The lexer MUST MUST MUST be FAST FAST FAST. Or it will not be useful. If it isn't fast, serious users will eschew it and will cook up their own. You'll have a nice, pretty, useless toy of std.d.lexer.

I think there's some serious underestimation of how critical this is.



Range-based functions need to be operating on _characters_. Technically, not
even code points gets us there, so it's _still_ buggy.
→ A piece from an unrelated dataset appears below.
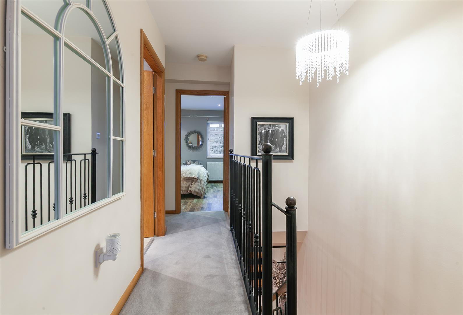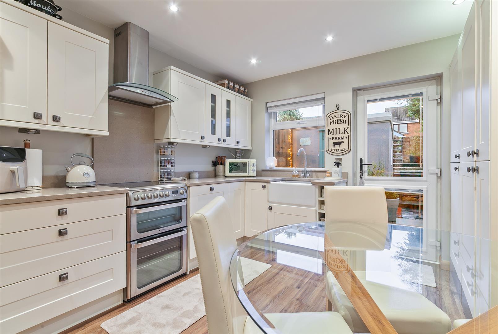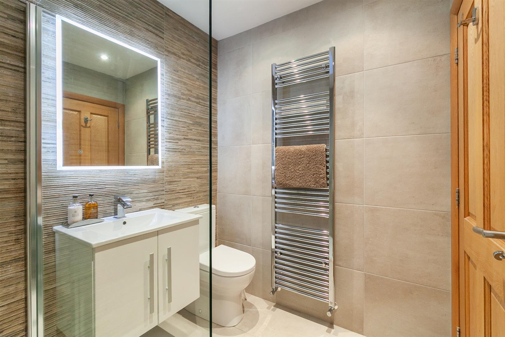 Luxury fitted kitchen with range of high and low level storage units with contrasting, solid quartz worktop. Ceramic Belfast sink. Cooker point with solid quartz splashback and extractor hood over. Space for fridge freezer. Integrated dishwasher. Gas fired central heating boiler (housed within matching unit). Solid quartz upstands to walls. Wood laminate floor covering. PVC double glazed door to rear garden.

It's just a _lot_
closer to being correct and works 99.99+% of the time.

Multi-code point characters are quite irrelevant to the correctness of a D 
lexer.


If we want to be able to operate on ranges of UTF-8 or UTF-16, we need to add
a concept of variably-length encoded ranges so that it's possible to treat
them as both their encoding and whatever they represent (e.g. code point or
grapheme in the case of ranges of code units).

No, this is not necessary.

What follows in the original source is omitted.